The nation has been in a "green" phase, and who knows how long it will last. Home pleads with the viewer to keep things up, because the planet depends on it, and I certainly believe we can do better things for the environment and make the world a better place, but as dazzling as the film's visuals are, its prodding will play no part in the solution. What do the filmmakers expect, that we'll write our congressmen and get some eco-friendly smoke stacks built in our neighborhoods? The film praises the efforts of individuals, suggesting that one person can make a difference. and I don't doubt that it's true, but it's hard to picture how one person can stand up against the kinds of problems the movie presents. It's a call to arms without a clear rallying cry. The message makes sense -- save our planet -- but it's more like a hope than a plan.

The DVD
Home comes in a standard-sized Eco-Box case with striking blue cover art on both the front and the back, which should certainly catch the eye of many DVD browsers.

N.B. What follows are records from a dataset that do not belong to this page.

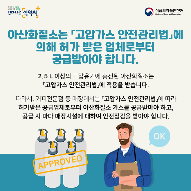 식품첨가물로 판매되는 아산화질소는 2.5L 이상의 고압금속제용기에 충전해서 유통해야 하고, 매장들은 '고압가스 안전관리법'에 따라 허가받은 공급업체에서 아산화질소 가스를 공급받아야 합니다.
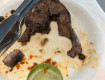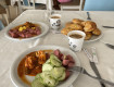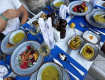 В ресторане обед по расписанию. Питание не отличалось разнообразием. Посуда со сколами. Стаканов и приборов не хватало, пришлось купить свой стакан...
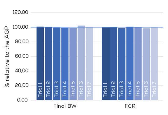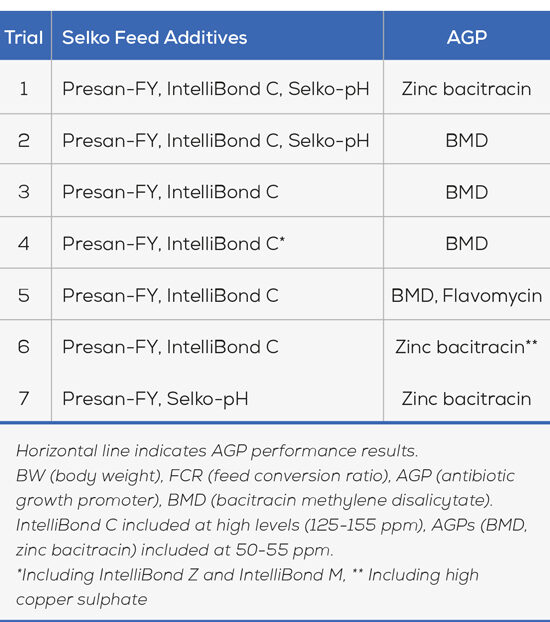 Each study compared an AGP group (BMD or zinc bacitracin) with a combination of Selko products (Presan-FY, IntelliBond C, Selko-pH). Results revealed that the performance for birds receiving the Selko additives was equal to the performance of birds receiving AGPs (Figure 2).
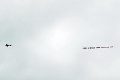 4月14日,西雅圖上空飛機拖出抗議標語:“達賴:你的微笑很吸引人,但是你的行動很傷害人。”(Dalai: your smiles charm but your actions harm)

The disc features the same image, there is no insert, and the menu is very simple.

The Video
For the most part, the vivid colors and beautiful aerial photography of Home seem fairly well-represented by this DVD, but some of the shots are so high up, things like small waves on rivers just look like a horrid mess of compression artifacts (in fact, without an extremely powerful zoom function, I'd say it'd be impossible to tell the difference). I also noticed a little bit of edge enhancement here and there. If the option is available to you, I would choose an HD presentation (including Blu-Ray and another one covered in the extras section), but if standard DVD is the way to go, this is a fairly solid but imperfect presentation.

The Audio
Dolby Digital 5.1 audio is provided, and for the life of me, I can't tell why. Before watching the film, I expected it to be both a visual and aural tour-de-force, given that nature should provide ample opportunity to work a sound system, but the audio is almost entirely dedicated to Glenn Close's voice-over narration, which comes through the front, with just a little of Armand Amar's score popping up in the rear surrounds. French 5.1 is also provided, but only English closed captioning is provided instead of any player-generated subtitle tracks. I personally have yet to get closed captioning to work on a DVD using a newer, flat-screen TV, so this seems like a poor choice.

The Extras
None. Not even automatic trailers.

Here's what's confusing: I first heard about Home on YouTube. YouTube is hosting the film on their site, with the English subtitles this release is lacking, with an HD option, completely free (you can find it right here). The only difference? The version on YouTube runs a massive 25 minutes shorter than the version I have on DVD (1:33:18 vs. 1:58:19). The YouTube channel also has a slew of making-of featurettes and additional videos with more information about how to help the causes presented in the film. Why they're not on the DVD is beyond me.

Conclusion
Home is intermittently interesting, but this DVD has trouble in all areas. Even though the online presentation is truncated, seeing as the movie's problem is repetition, I'm going to suggest you either watch the shorter version online for free (which hopefully improves the movie's pacing and gets the message across more succinctly) or rent the DVD, and that you donate the $20 you were going to spend to an environmental fund of your choice. That seems like a solution that will please everyone.